The CA and the trial court relied on the testimonies of two (2) disinterested witnesses: Gregorio Libao, a retired
employee of the NIA, and Anacleto Dicta-an, a resident of Sudipen, La Union. Both testified as to the existence
of an old creek which served as the common boundary of the respective properties of the parties, and of the
subsequent diversion of the creek to its present position which now cuts through the middle portion of the
respondents' property. The witnesses' testimonies were amply supported by the report and sketch plan prepared
by the court-appointed commissioner, which revealed the existence of an old creek running from south to north,
and the creation of a new creek from south to northwest.
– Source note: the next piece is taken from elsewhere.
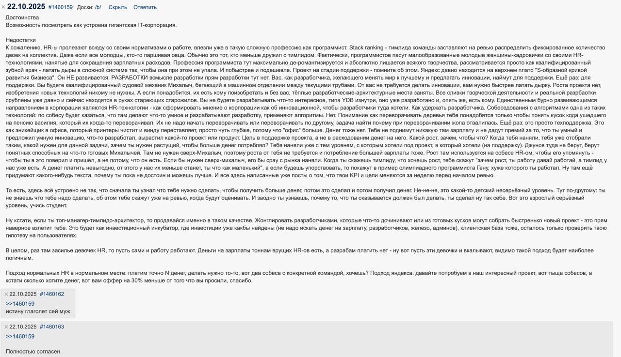 Чел, бигтех это хуйня на палочке. Ты думаешь, люди так сильно любят свою работу в Амазоне или Мете, где постоянно голодные игры идут и ты в любой момент рискуешь на пип улететь просто с нихуя? Да никто не любит это говно, это залупа, а не работа. Люди там сидят просто потому что эти бигтехи сделали им рабочие визы и еще платят нормальные деньги. Заниматься продуктовой разработкой в таком гавне на джаве или hack смысла нет. Смысл есть расти как разработчик в инфраструктуре, который сидит и какие-то байты в сетевом стеке дрочит, чтобы виртуальные сети в AWS работали быстро или видео в фейсбуке и инстаграме не тормозили и быстро прогружались. Но фейсбук и амазон платит зп + стоки. А что платит яшка? Если раньше хотя бы rsu были, то теперь их тупо нет. А так во многих конторах поменьше с меньшей зепехой часто условия труда будут лучше. Тупо рассос и без тряски.

According to Article 434 of the Civil Code: "In an action to recover, the property must be identified, and the
plaintiff must rely on the strength of his title and not on the weakness of the defendant's claim."
Hence, in order that an action for the recovery of property may prosper, it is indispensable that the party who
prosecutes it must fully prove, not only his ownership of the thing claimed, but also the identity of the same.
The evidence presented in this case showed that the property subject of the dispute rightfully belongs to the
respondents, as it was established that the same is part of the parcel of land declared under the name of
respondents' predecessor-in-interest, Dionisio Leonen. Indeed, the verification survey of the contested property
conducted by Juvenal Quitoriano, a geodetic engineer, revealed that it was in the name of Dionisio Leonen.